DATASET EXTRACT
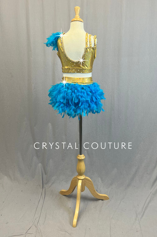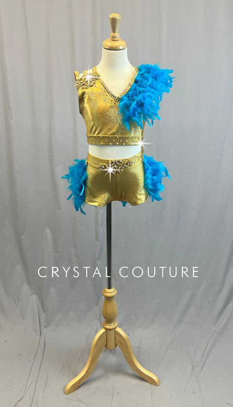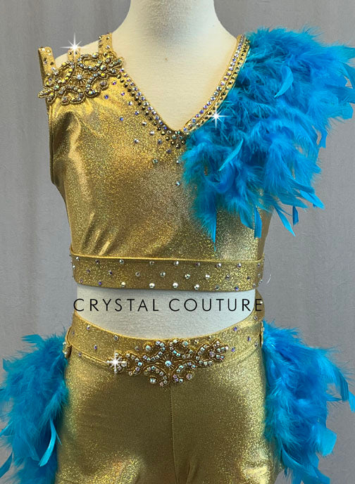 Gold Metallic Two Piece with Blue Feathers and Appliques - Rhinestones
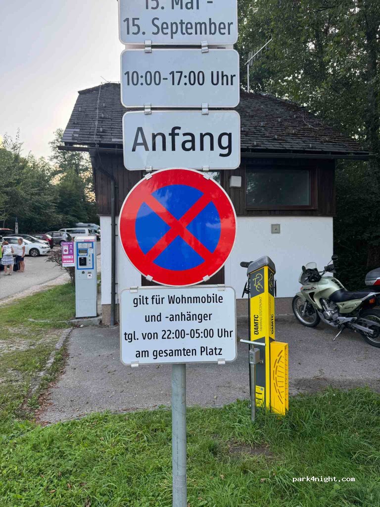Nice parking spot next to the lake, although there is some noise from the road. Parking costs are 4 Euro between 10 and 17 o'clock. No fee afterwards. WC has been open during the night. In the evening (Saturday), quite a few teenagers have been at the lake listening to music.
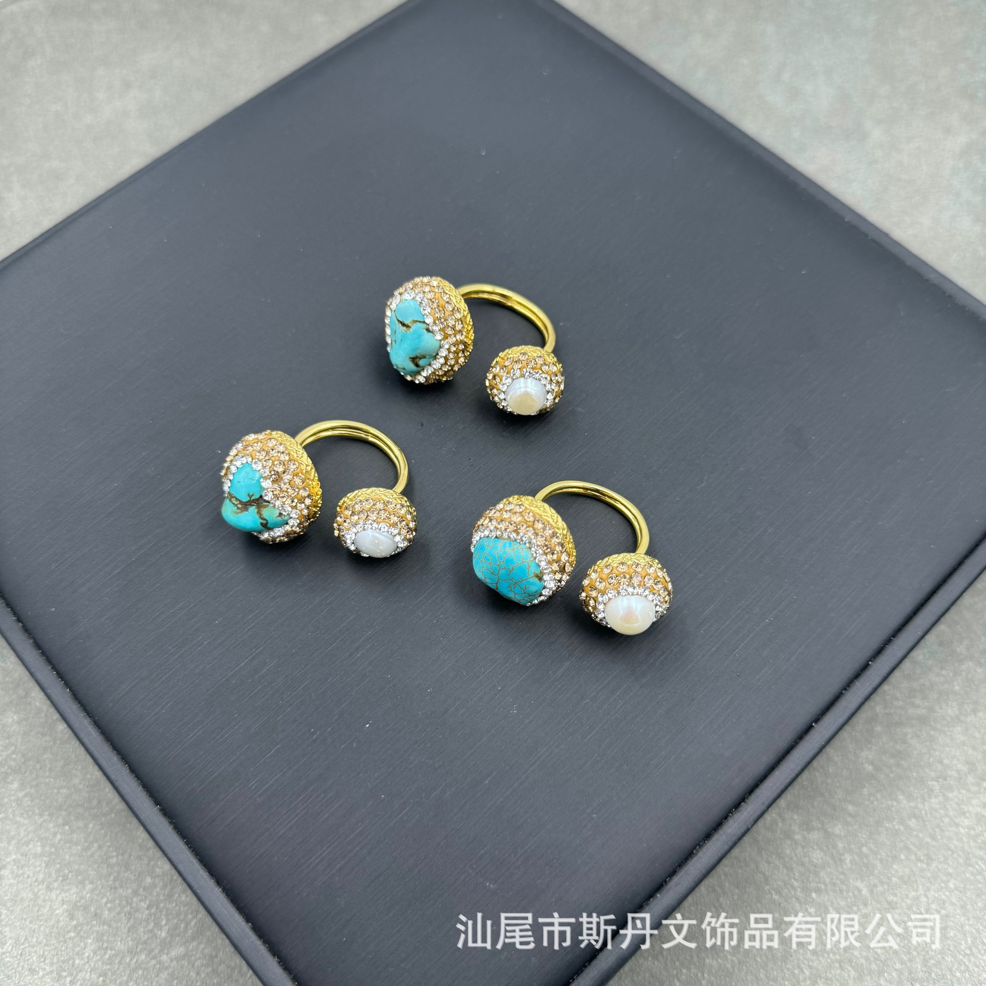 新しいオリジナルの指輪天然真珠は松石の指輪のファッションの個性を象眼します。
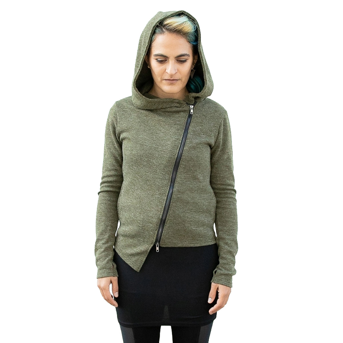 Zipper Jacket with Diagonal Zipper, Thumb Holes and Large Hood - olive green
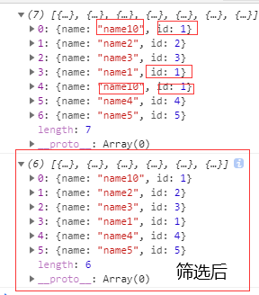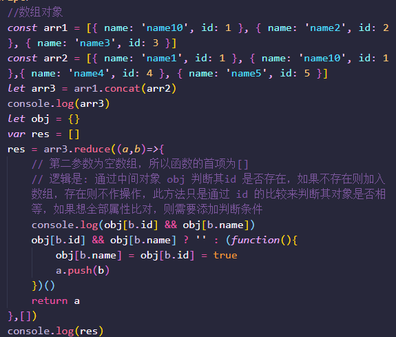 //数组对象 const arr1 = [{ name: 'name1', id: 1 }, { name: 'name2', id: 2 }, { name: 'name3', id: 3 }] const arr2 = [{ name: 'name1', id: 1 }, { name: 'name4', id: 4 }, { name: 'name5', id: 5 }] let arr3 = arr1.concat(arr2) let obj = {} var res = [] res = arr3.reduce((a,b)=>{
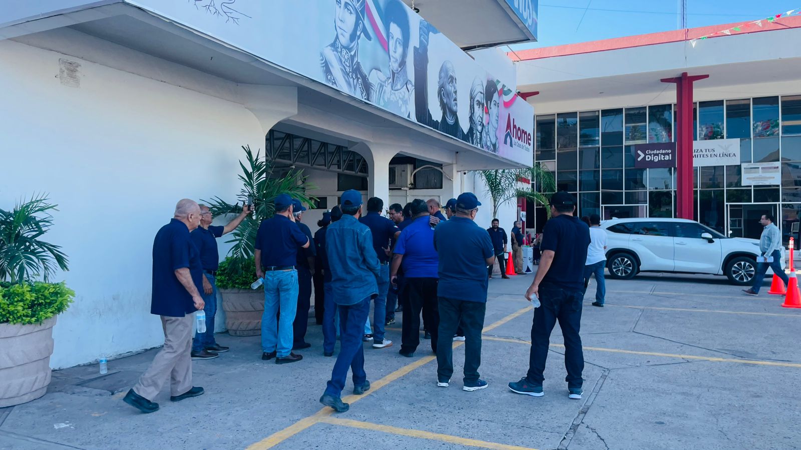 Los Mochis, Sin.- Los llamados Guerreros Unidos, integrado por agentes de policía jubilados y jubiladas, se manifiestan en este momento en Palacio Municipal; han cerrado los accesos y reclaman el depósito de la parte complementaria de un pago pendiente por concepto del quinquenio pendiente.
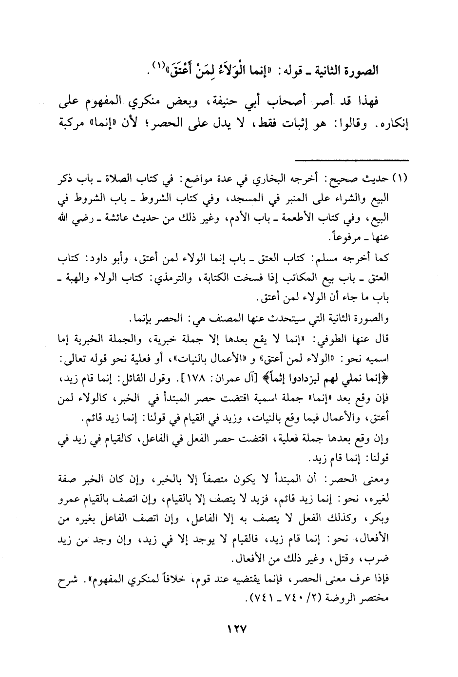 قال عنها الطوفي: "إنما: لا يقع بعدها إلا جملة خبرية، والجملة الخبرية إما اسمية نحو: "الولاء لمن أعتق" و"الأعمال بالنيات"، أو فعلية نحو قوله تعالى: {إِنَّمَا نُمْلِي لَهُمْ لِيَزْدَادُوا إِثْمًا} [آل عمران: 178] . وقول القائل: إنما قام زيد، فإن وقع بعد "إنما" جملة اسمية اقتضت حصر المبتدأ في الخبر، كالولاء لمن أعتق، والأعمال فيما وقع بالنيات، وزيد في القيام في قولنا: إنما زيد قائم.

YOUR GOAL
Only one stretch of the data is wanted: write out exactly the lines from the one holding "Nice parking spot" through the one holding "arr3 = arr1.concat(arr2)", both included, without the pictures.

THE COMPLETED TASK
Nice parking spot next to the lake, although there is some noise from the road. Parking costs are 4 Euro between 10 and 17 o'clock. No fee afterwards. WC has been open during the night. In the evening (Saturday), quite a few teenagers have been at the lake listening to music.
 新しいオリジナルの指輪天然真珠は松石の指輪のファッションの個性を象眼します。
 Zipper Jacket with Diagonal Zipper, Thumb Holes and Large Hood - olive green
 //数组对象 const arr1 = [{ name: 'name1', id: 1 }, { name: 'name2', id: 2 }, { name: 'name3', id: 3 }] const arr2 = [{ name: 'name1', id: 1 }, { name: 'name4', id: 4 }, { name: 'name5', id: 5 }] let arr3 = arr1.concat(arr2) let obj = {} var res = [] res = arr3.reduce((a,b)=>{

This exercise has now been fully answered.